DATASET:
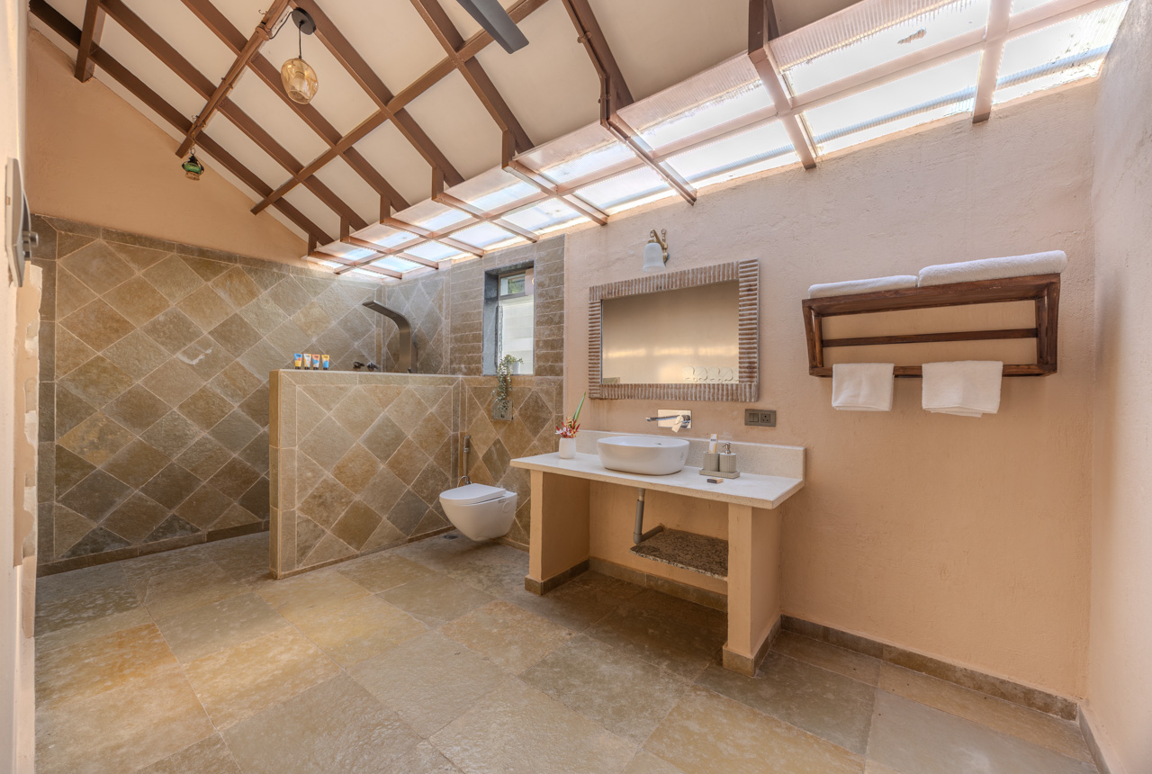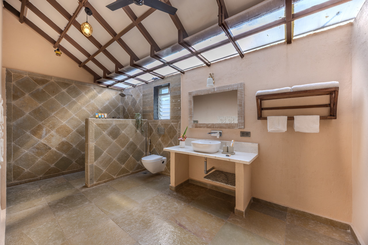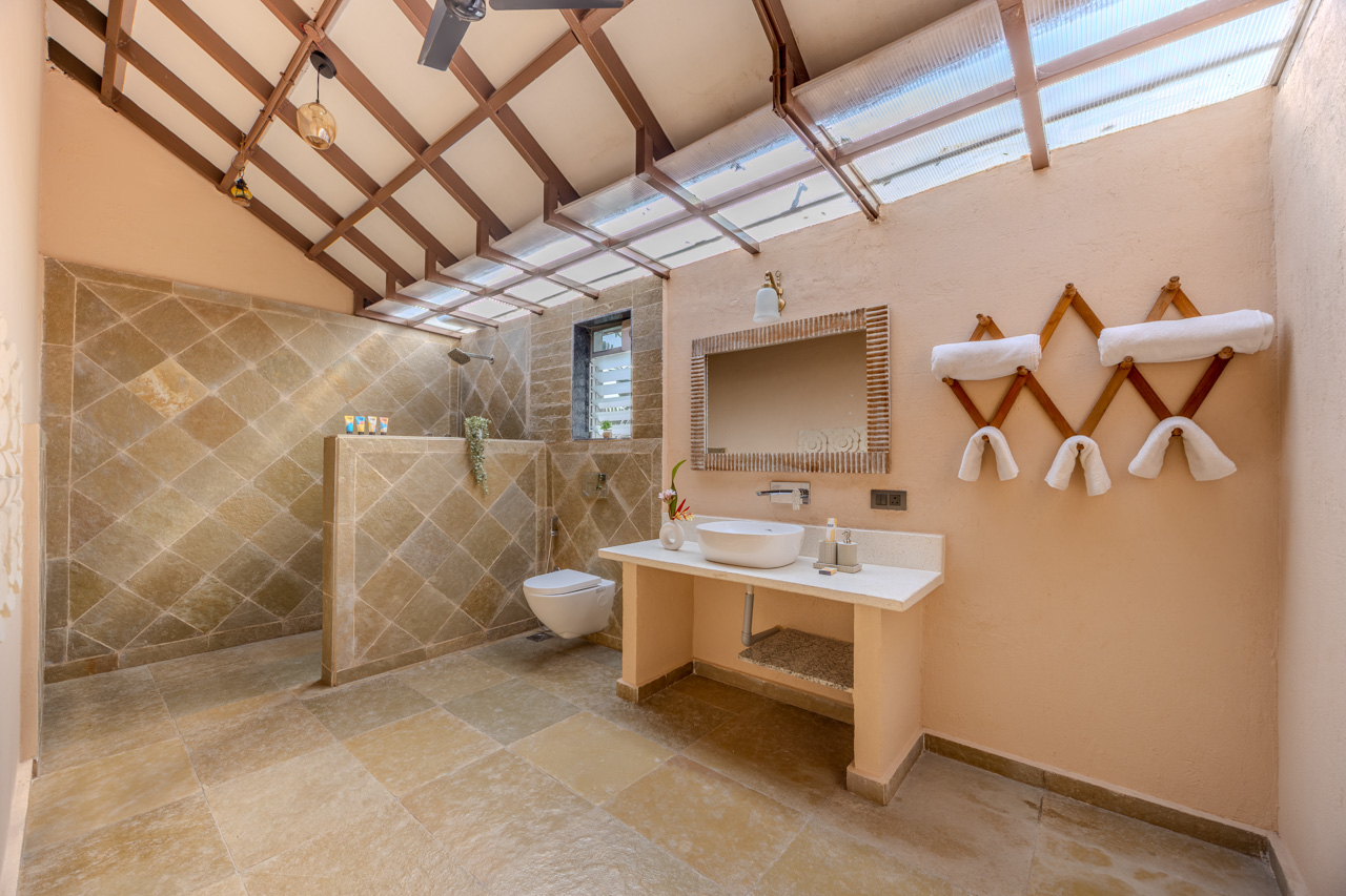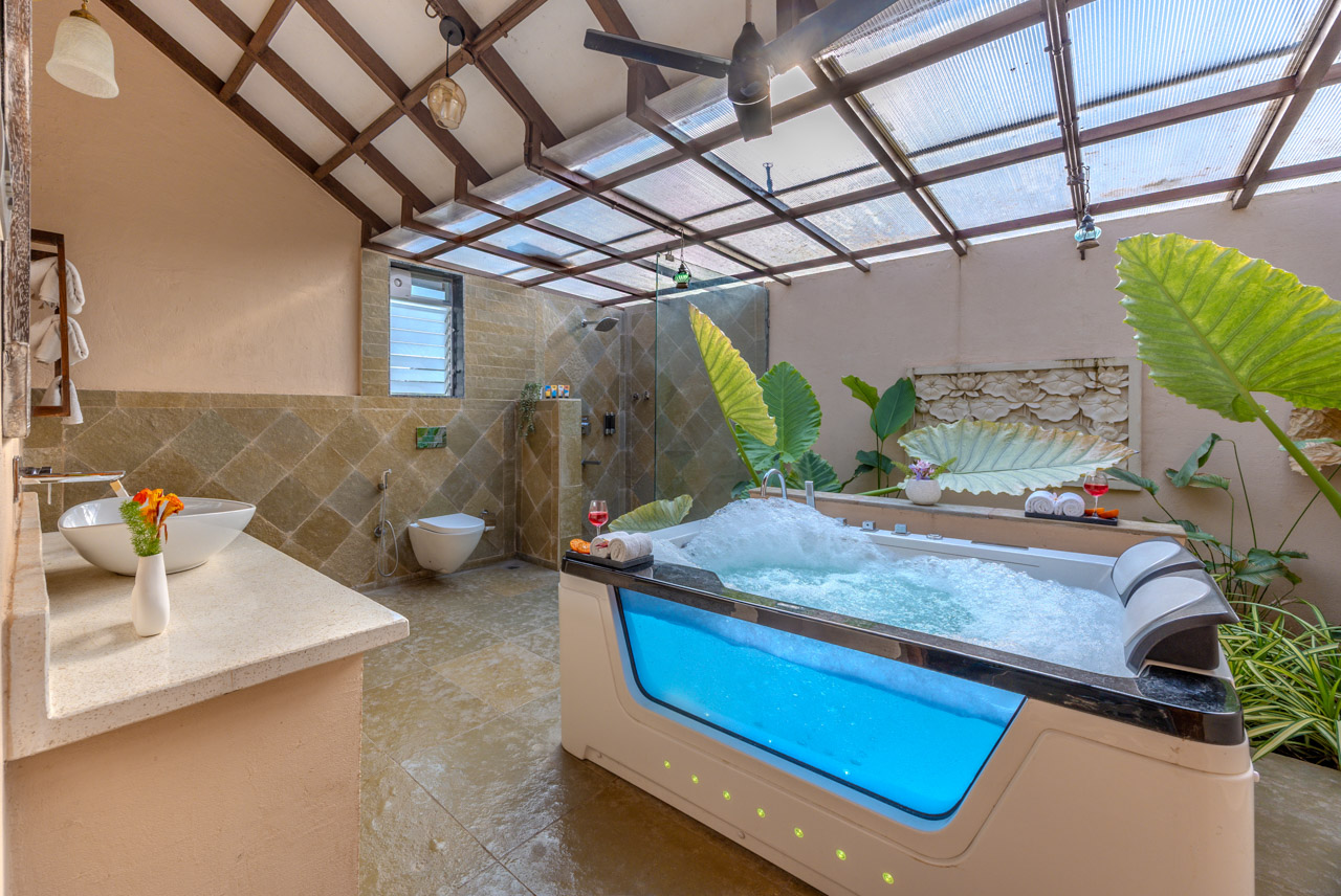 Lush open-air bathrooms, surrounded by greenery, where bathtubs and jacuzzi turn relaxation into ritual
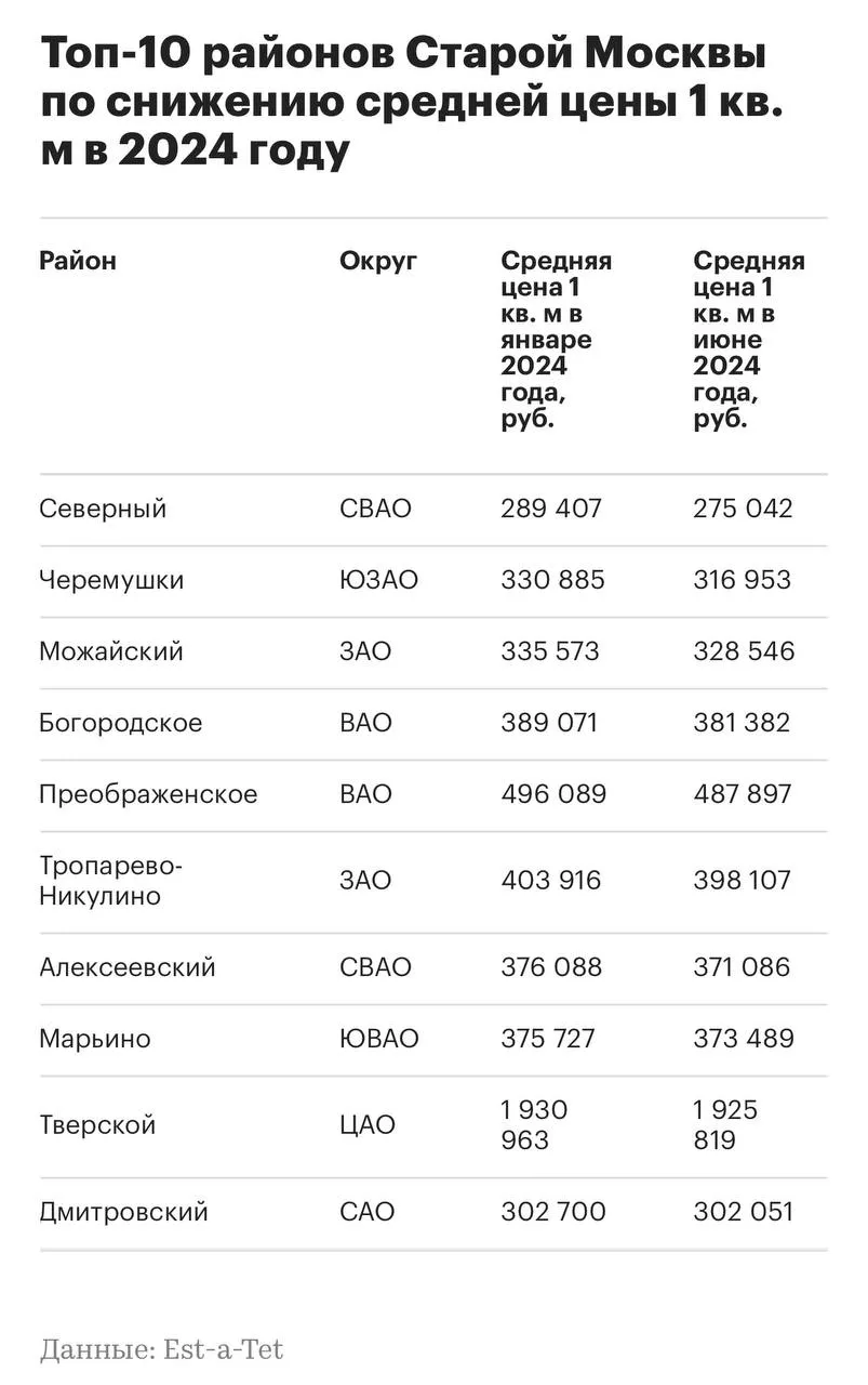 Северный район (расположен за МКАД по Дмитровскому шоссе, восточнее города Долгопрудный) занял первое место в рейтинге локаций Старой Москвы по темпам снижения цен на рынке новостроек с начала 2024 года. По итогам июня средняя цена 1 кв. м на рынке новостроек в этом районе составила 275 тыс. руб., что на 5% меньше, чем в начале января.
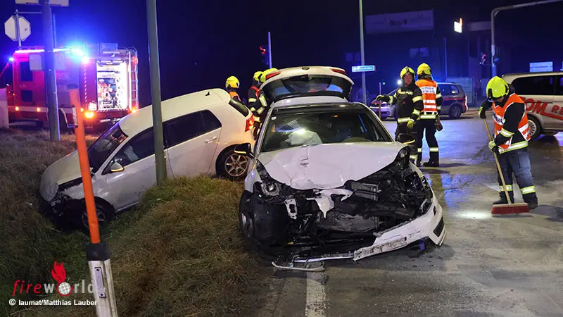 THALHEIM BEI WELS (OÖ): Drei Verletzte forderte Samstagabend, 25. Jänner 2025, ein heftiger Kreuzungscrash zwischen zwei Pkw auf der B138 Pyhrnpass Straße in Thalheim bei Wels (Bezirk Wels-Land). Wenig später krachte es dann nochmal.
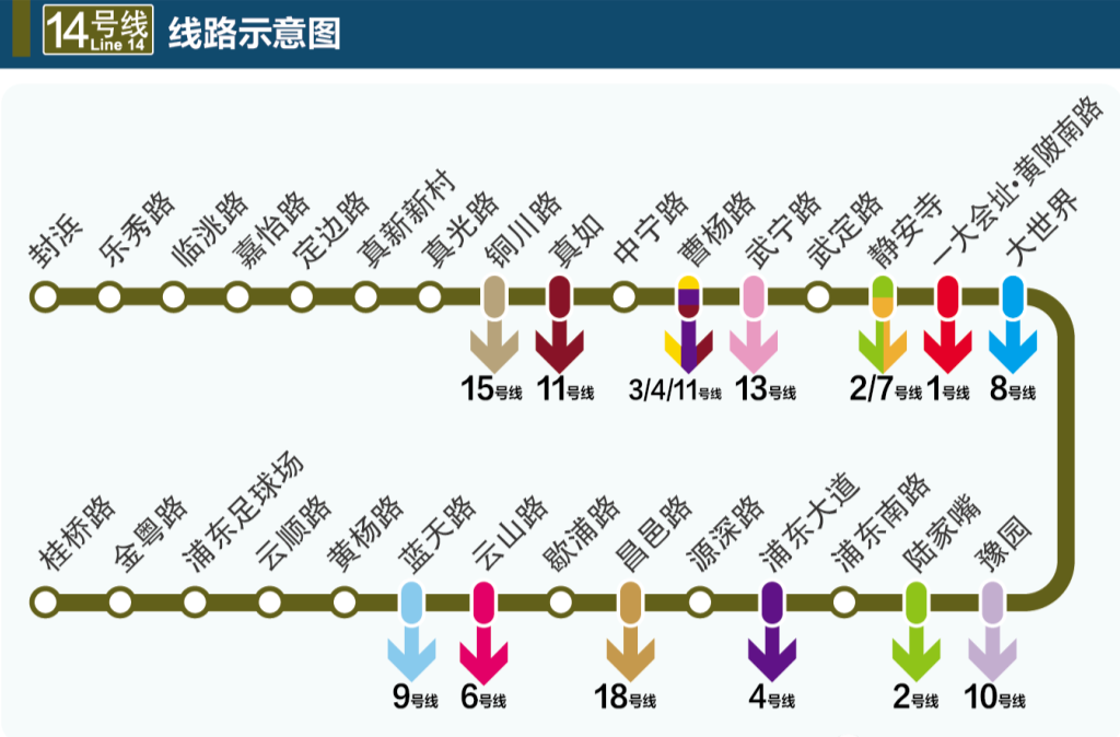 14号线换乘车站高达13座,大约5年后,随着嘉闵线开通将会至少14座(乐秀路换乘)
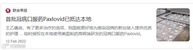 今年2月12日,首批新冠口服药Paxlovid已经运到,比其他亚洲国家早了一个月左右。
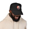 – Structured 5-panel, high-profile build with pre-curved visor
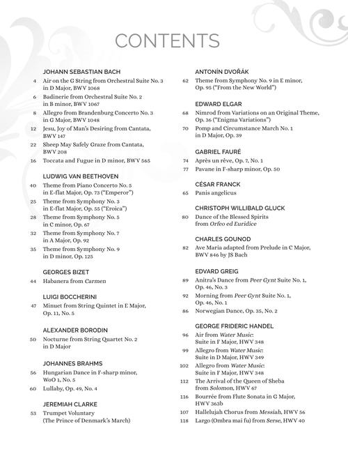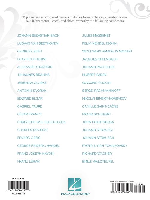 77 piano solo arrangements of beloved works from 34 composers for the intermediate-level pianist to enjoy. Includes: BACH: Air on the G String; Badinerie, BWV 1067; Allegro, BWV 1048; Jesu, Joy of Man's Desiring; Sheep May Safely Graze; Toccata and Fugue, BWV 565 · BEETHOVEN: Theme from Piano Concerto No. 5 (Emperor); Theme from Symphony No. 3 (Eroica); Theme from Symphony No. 5; Theme from Symphony No. 7; Theme from Symphony No. 9 · BIZET: Habanera from Carmen · BOCCHERINI: Minuet from String Quintet, Op. 11, No. 5 · BORODIN: Nocturne from String Quartet No. 2 · BRAHMS: Hungarian Dance, WoO 1, No. 5; Lullaby, Op. 49, No. 4 · CLARKE: Trumpet Voluntary · DVORÁK: Theme from Symphony No. 9 (From the New World) · ELGAR: Nimrod from Enigma Variations; Pomp and Circumstance · FAURÉ: Après un rêve, Op. 7, No. 1; Pavane, Op. 50 · FRANCK: Panis angelicus · GLUCK: Dance of the Blessed Spirits from Orfeo ed Euridice · GOUNOD: Ave Maria adapted from Prelude in C Major, BWV 846 by JS Bach · GREIG: Anitra's Dance from Peer Gynt Suite No. 1; Morning from Peer Gynt Suite No. 1; Norwegian Dance, Op. 35, No. 2 · HANDEL: Air from Water Music, HWV 348; Allegro from Water Music, HWV 349; Allegro from Water Music, HWV 348; The Arrival of the Queen of Sheba from Solomon; Bourrée from Flute Sonata, HWV 363b; Hallelujah Chorus from Messiah; Largo from Serses · HAYDN: Theme from String Quartet, Op. 3, No. 5; Theme from Symphony No. 94, Hob I:94 (Surprise) · LEHAR: Waltz from The Merry Widow · MASSENET: Meditation from Thaïs · MENDELSSOHN: Nocturne from A Midsummer Night's Dream; Wedding March from A Midsummer Night's Dream · MOZART: Ave Verum Corpus; Theme from Clarinet Concerto; Theme from Eine kleine Nachtmusik; Lacrimosa from Requiem; Theme from Piano Concerto No. 21; Theme from Symphony No. 40; Theme from Symphony No. 41 · Offenbach: Barcarolle from The Tales of Hoffmann; Can-Can from Orpheus in the Underworld · PACHELBEL: Canon in D · PARRY: Jerusalem · PUCCINI: Musetta's Waltz from La bohème; Un bel dì vedremo from Madame Butterfly; Vissi d'arte from Tosca · RACHMANINOFF: Theme from Piano Concerto No. 2 · RIMSKY-KORSAKOV: Flight of the Bumblebee; Song of India; The Young Prince and the Young Prince from Scheherazade · SAINT-SAËNS: Danse macabre; The Swan from The Carnival of the Animals · SCHUBERT: Ave Maria; Serenade · SOUSA: The Stars and Stripes Forever · J. STRAUSS I: Radetsky March · J. STRAUSS II: Emperor Waltz; On the Beautiful Blue Danube; Tales from the Vienna Woods; Voices of Spring · TCHAIKOVSKY: Dance of the Sugar Plum Fairy from The Nutcracker; Waltz of the Flowers from The Nutcracker; Theme from Romeo and Juliet; Theme from Swan Lake; Theme from Symphony No.5, Op. 58 · WAGNER: Bridal Chorus from Lohengrin; The Ride of the Valkyries from Die Walküre · WALDTEUFEL: The Sk
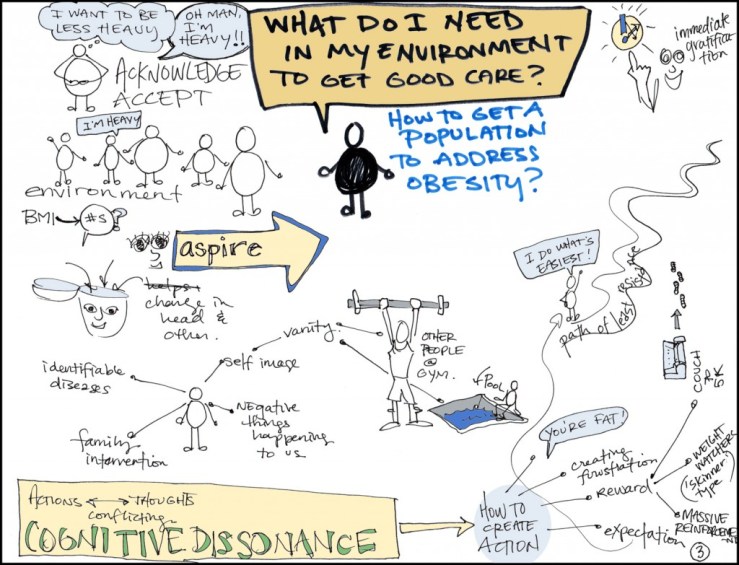 Amanda Lyons, the owner of Visuals for Change and sketchnoter extraordinaire, recently sat in on a conversation about healthcare for a meetup of IXDA of Northern NJ. This is one of the resulting pages of notes; check out the rest.
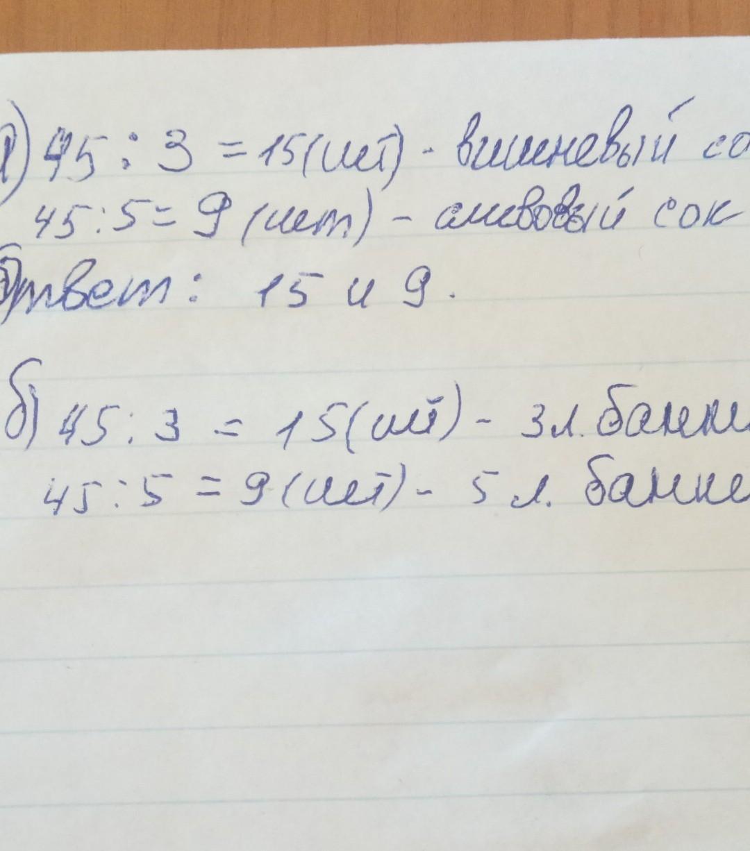 а) Хозяйка приготовила по 45 л вишневого и сливового комитета
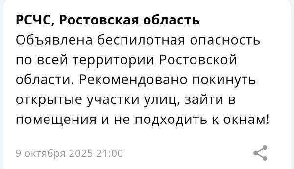 Экстренное предупреждение о беспилотной опасности распространено РСЧС в 21:00 четверга, 9 октября.
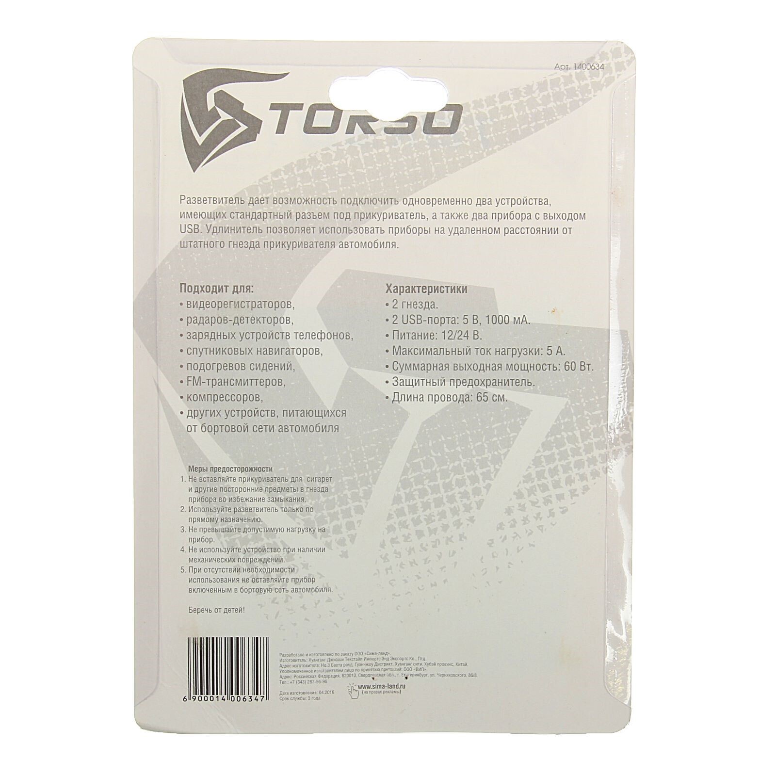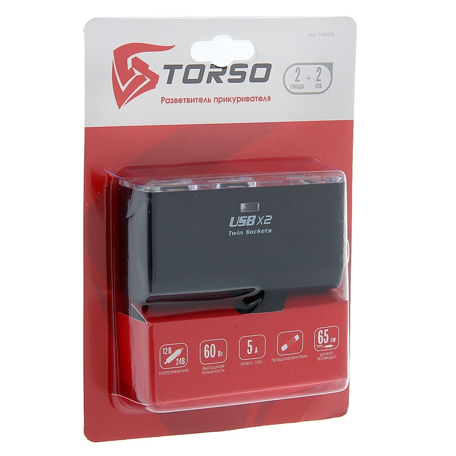 УЦЕНКА Разветвитель прикуривателя TORSO, 2 гнезда, 2 USB, 12/24 В, провод 65 см

INSTRUCTIONS TO FOLLOW:
When you come to the line containing "а) Хозяйка приготовила" in the records above, repeat that line and all lines after it exactly, but not the pictures.

FINISHED EXERCISE:
 а) Хозяйка приготовила по 45 л вишневого и сливового комитета
 Экстренное предупреждение о беспилотной опасности распространено РСЧС в 21:00 четверга, 9 октября.
 УЦЕНКА Разветвитель прикуривателя TORSO, 2 гнезда, 2 USB, 12/24 В, провод 65 см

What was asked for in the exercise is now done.